1. ## independent (probability theory)

a factory produce a product that can have 3 different faults
Fault: A,B,C
The fault is independent (probability theory) of each other.

X: number of faults that one product can have.

Determine the density function PX(x) if P(A)= 0,20, P(B)=0,05, P(B)=0,10 ?

2. Originally Posted by sf1903
a factory produce a product that can have 3 different faults
Fault: A,B,C
The fault is independent (probability theory) of each other.

X: number of faults that one product can have.

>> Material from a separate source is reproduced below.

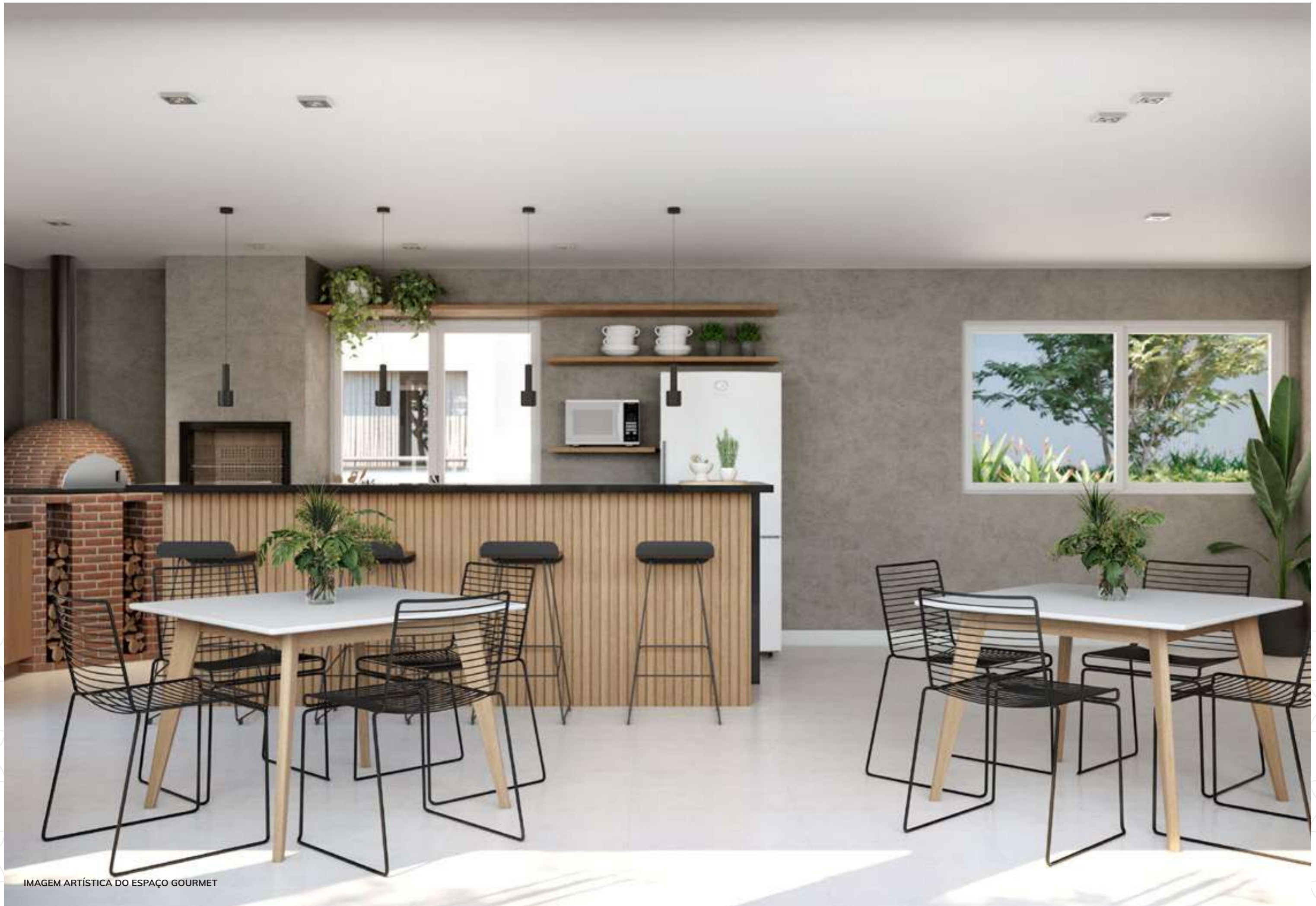
IMAGEM ARTÍSTICA DO ESPAÇO GOURMET

Determine the density function PX(x) if P(A)= 0,20, P(B)=0,05, P(B)=0,10 ?
$P(X=0)=(1-0.2)(1-0.05)(1-0.10)$

that is there is no fault A, no fault B and no fault C

$p(X=1)=0.2(1-0.05)(1-0.10)+(1-0.2)0.05(1-0.10)+(1-0.2)(1-0.05)0.10$

that is it is the sum of the probabilities that there is a fault A but no B or C, that there is fault B but no A or C and there is fault C but no A or B

$p(X=2)= ...$

CB

3. Originally Posted by CaptainBlack
$P(X=0)=(1-0.2)(1-0.05)(1-0.10)$

that is there is no fault A, no fault B and no fault C

$p(X=1)=0.2(1-0.05)(1-0.10)+(1-0.2)0.05(1-0.10)+(1-0.2)(1-0.05)0.10$

that is it is the sum of the probabilities that there is a fault A but no B or C, that there is fault B but no A or C and there is fault C but no A or B

$p(X=2)= ...$

CB

P(X=3)=0,2*0,05*0,10= 0,001
We get P(X=2)=0,032 and P(X=3)=0,001 is it right?